I am Jason Stubblefield. I have spent twenty years making search engines find the right answer.
My career spans the full search stack, from racking infrastructure and tuning JVMs to setting relevance strategy and leading engineering teams. I have run a 600-million-document Solr Cloud estate on hundreds of servers, unified discovery across the library systems of a world-class business school, and most recently designed the next-generation search platform for a national e-commerce marketplace, where a controlled A/B test against the legacy system showed a sitewide sales lift of more than ten percent.
That last number matters to me because it captures how I think about search: it is not an infrastructure cost center, it is a product with measurable business outcomes. Ranking changes should be experiments, relevance should be evaluated with data rather than opinion, and the distance between an architecture diagram and a revenue number should be as short as possible.
The most interesting work happening in search right now sits at the intersection of classic information retrieval and large language models. I have shipped vectorized image retrieval over a catalog of millions of designs, and built RAG pipelines that ground an LLM in live index and query data so it can evaluate and tune ranking behavior. My consistent finding is that the two disciplines need each other: LLMs make retrieval dramatically more useful, and precise retrieval is what keeps LLMs honest.

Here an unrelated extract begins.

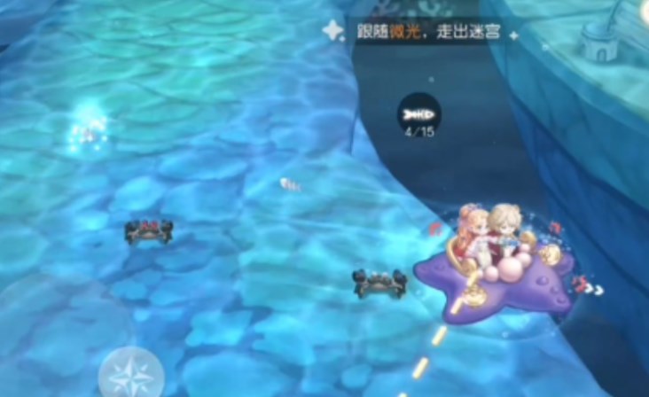 2、开局公主选择三个闪电贴着左边走,尽量避让途中的小螃蟹,王子选择15个鱼骨头,螃蟹追上来就打。

I also build and lead teams. I have hired, mentored, and managed search engineers across three organizations, including onshore and offshore teams and a dedicated search department. I care about growing engineers into people who can own a system end to end, and about leaving every team with better operational habits than I found.
Outside of client work, I run self-directed research platforms, Recipe Saint and Room Saint, which I built end to end to test production AI search ideas: hybrid lexical and vector retrieval over millions of documents, RAG for query understanding, and Model Context Protocol integrations that let AI assistants use them directly. They are where I try things before I recommend them.
Before software, I spent years in hospitality and international business, and I still cook seriously and shoot fine art photography. That background shapes how I work: search, like a good restaurant, succeeds or fails on how it makes people feel in the first few seconds.